Ensemble forecasting with NeuralGCM-ENS (stochastic 1.4°)

Ensemble forecasting with NeuralGCM-ENS (stochastic 1.4°)#

The stochastic 1.4° model carries learned Gaussian random fields (ten of them, with learned correlation times and lengths) that perturb the physics at every step. Different integer seeds give different ensemble members.

This notebook runs a small 4-member ensemble with encode_ensemble, which batches the members through a single model call (one leading member axis instead of a Python loop), and looks at the ensemble mean and spread.

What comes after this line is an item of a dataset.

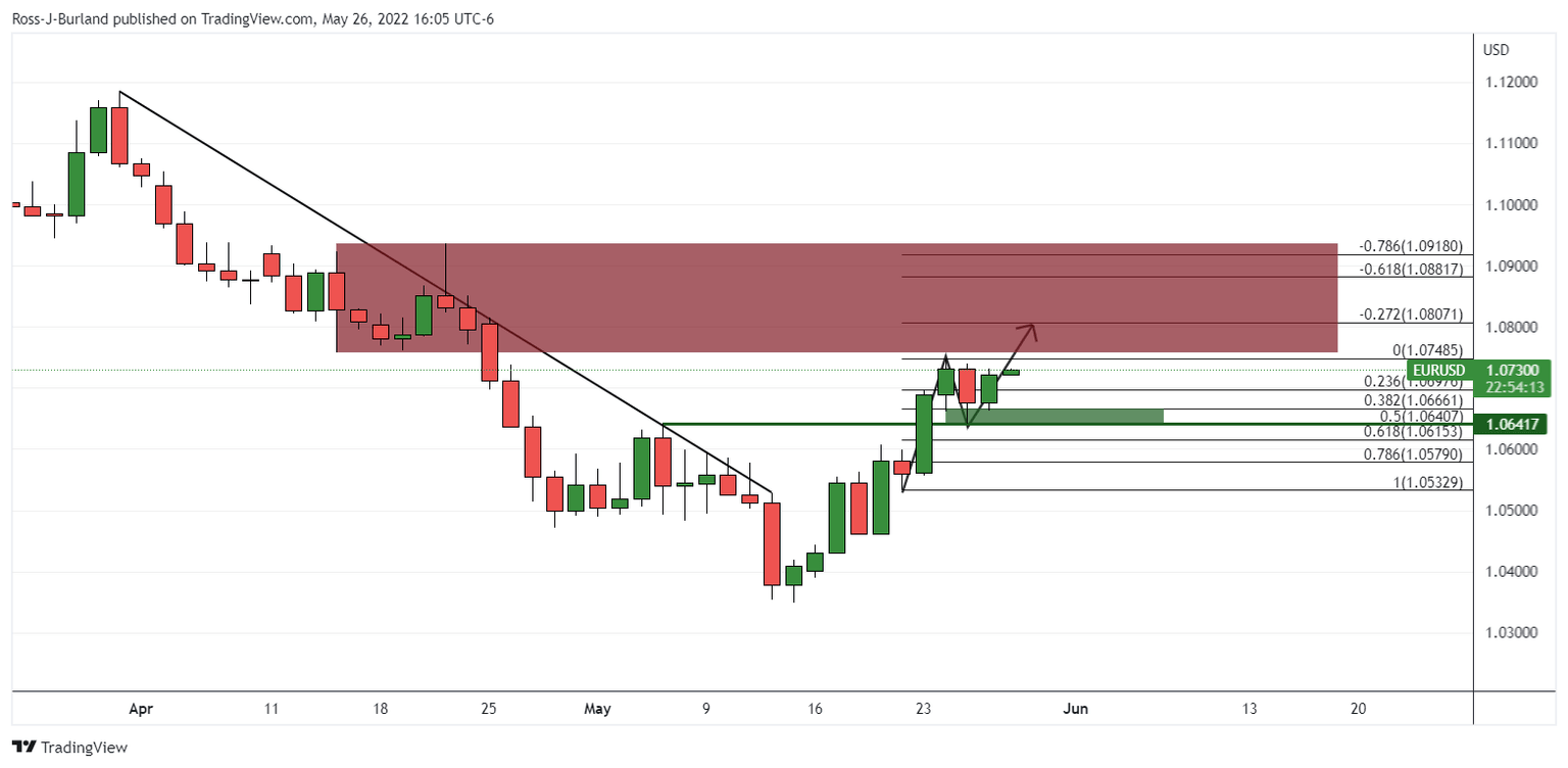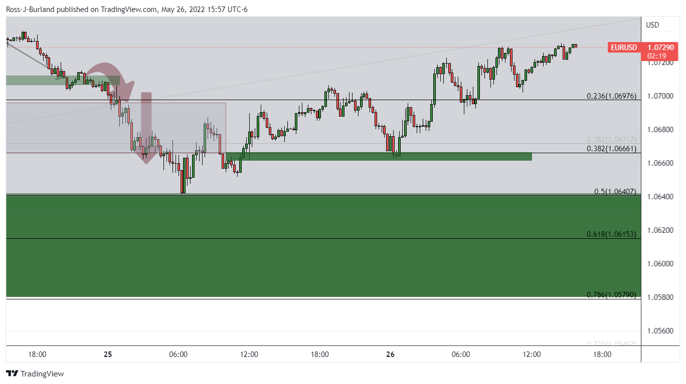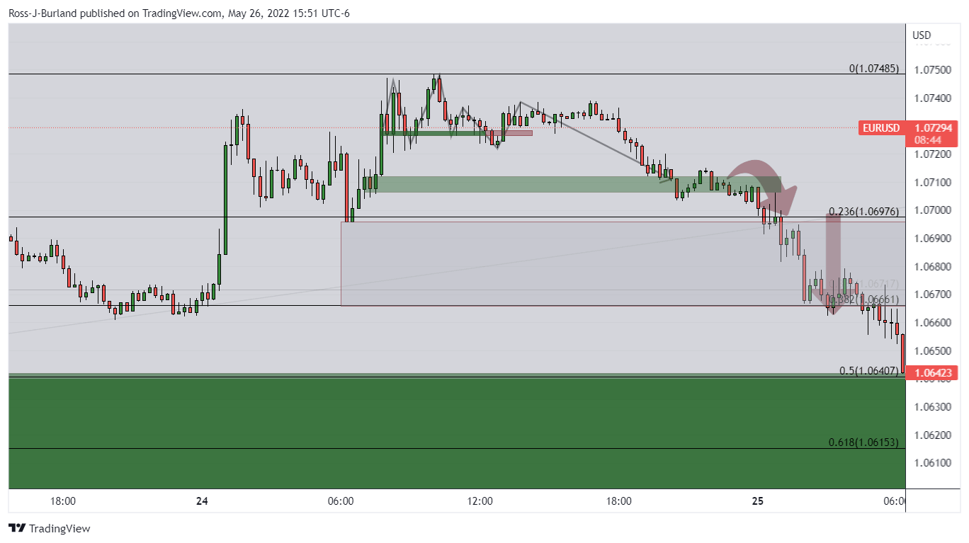 As per the prior analysis, EUR/USD Price Analysis: Traders looking for a catalyst from the Fed, bulls on a knife's edge, the euro, following initial mitigation of some upside eventually melted to the downside into the targetted area of 1.0640.

Needs network access (checkpoint + ERA5, anonymous GCS) and a GPU.

import pathlib

import numpy as np
import torch
import xarray

from dinosaur_torch import horizontal_interpolation
from dinosaur_torch import xarray_utils
import neuralgcm_torch as neuralgcm

device = 'cuda' if torch.cuda.is_available() else 'cpu'

Load the model#

from neuralgcm_torch import pretrained

# Fetched from the Hugging Face Hub on first use (cached), or reused from
# a local checkpoints/ directory if present.
converted_path = pretrained.fetch_checkpoint('stochastic_1_4_deg', local_root='checkpoints')
model = neuralgcm.PressureLevelModel.from_checkpoint(converted_path, device=device)
(model.longitudes.size, model.latitudes.size,
 sum(p.numel() for p in model.model.parameters()))

(256, 128, 11519823)

Load and regrid ERA5#

era5_path = 'gs://gcp-public-data-arco-era5/ar/full_37-1h-0p25deg-chunk-1.zarr-v3'
full_era5 = xarray.open_zarr(
    era5_path, chunks=None, storage_options=dict(token='anon')
)

demo_start_time = '2020-02-14'
demo_end_time = '2020-02-18'
data_inner_steps = 24  # process every 24th hour

sliced_era5 = (
    full_era5
    [model.input_variables + model.forcing_variables]
    .pipe(
        xarray_utils.selective_temporal_shift,
        variables=model.forcing_variables,
        time_shift='24 hours',
    )
    .sel(time=slice(demo_start_time, demo_end_time, data_inner_steps))
    .compute()
)

era5_grid = xarray_utils.grid_spec_from_dataset(full_era5)
regridder = horizontal_interpolation.ConservativeRegridder(
    era5_grid, model.data_grid, skipna=True, device=device
)
eval_era5 = xarray_utils.regrid_horizontal(sliced_era5, regridder)
eval_era5 = xarray_utils.fill_nan_with_nearest(eval_era5)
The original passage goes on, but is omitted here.